- Born: 1966 (age 58–59) North Chungcheong Province, South Korea
- Conviction: Murder x3
- Criminal penalty: Death

Details
- Victims: 3–4
- Span of crimes: March – June 2005 (possibly 1994)
- Country: South Korea
- State: North Chungcheong
- Date apprehended: June 10, 2005

= Kim Yong-won =

South Korean serial killer (born 1966)

Kim Yong-won (born 1966) is a South Korean serial killer and rapist who killed two women and a child around various cities in North Chungcheong Province from March to June 2005, in addition to being suspected, but never charged with, the 1994 murder of a man during an argument. He was convicted and sentenced to death for the latter crimes, which were compared to the more infamous Yoo Young-chul's murders due to their sheer brutality.

==Early life==
Kim Yong-won was born on a farmhouse in North Chungcheong Province in 1966, the youngest of four children of rural farmers. His early life was marred by violence, as his violent and alcoholic father frequently beat his spouse and children, while Kim's brother, who was nine years his senior, bullied him in turn. Due to these circumstances, he felt no affection towards his family members, and repeatedly claimed that he could not wait to become an adult so he could leave them. Kim eventually dropped out of middle school and started working up until the age of 20, when he finally left the family household. However, his life did not proceed smoothly as the first woman he loved dearly later left him for his best friend, causing him to harbor hostile feelings towards women as a whole. While acquaintances generally described him as a nice and gentle person, they would also note that has very easily angered and would get violent when drunk.

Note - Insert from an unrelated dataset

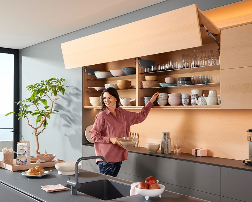 Aventos HF підходить для фасадів різного стилю — з деревини, скла або їх комбінацій. Механізм не порушує зовнішнього вигляду меблів, адже система кріпиться приховано, зберігаючи естетику інтер’єру. Також передбачено інтеграцію з електричною системою Servo-Drive, яка забезпечує автоматичне відкривання дверцят легким натисканням — ідеальне рішення для сучасних кухонь, де функціональність поєднується з комфортом.

In addition, Kim was repeatedly imprisoned, with his first conviction for rape, assault and theft dating back to December 1984. He was later kicked out of the Armed Forces for his inability to control his kleptomania, and from 1988 to 2001, he would be repeatedly jailed for a myriad of offences, spending a combined total of 13 years behind bars. In between his prison stints, Kim worked as a driver for a variety of companies, which allowed him to hone his driving skills. Kim would eventually quit around 2005, when he began smuggling Viagra, camphor and ginseng to and from China. In April 2005, he began dating a Korean-Chinese woman and even planned to officially marry her in China in July of that year, but unbeknownst to her, he also dated two mistresses behind her back.

==Crimes==
===Suspected murder===
Kim's first supposed crime took place in April 1994. At that time, he was accused of strangling and bludgeoning a man named Ji with a sledgehammer in Seobu, Goesan County, because he had supposedly slandered him. However, Kim steadfastly denied guilt and despite being considered the prime suspect, he was released due to lack of evidence. Shortly afterwards, he would instead be imprisoned for rape and served a 3-year prison sentence, later followed by other convictions.

===Serial murders===
In mid-March 2005, Kim was drinking with his 43-year-old sister-in-law Seong, who was living with him at his apartment in Cheongju. The pair then got into an argument, which resulted in Kim beating and later strangling her. Instead of disposing of the body immediately, he left it inside the house for four days while he went out drinking. As Seong's only close associate was Kim himself, no missing persons report was filed. After eventually returning to the house, Kim asked a younger acquaintance from his hometown to help dispose of the body, but he refused and encouraged him to surrender himself instead. Kim did not heed his advice and instead convinced him to remain silent about the murder; he then wrapped Seong's body in a blanket and moved it to an isolated section of the mountains near Cheongwon-gu, where he buried it.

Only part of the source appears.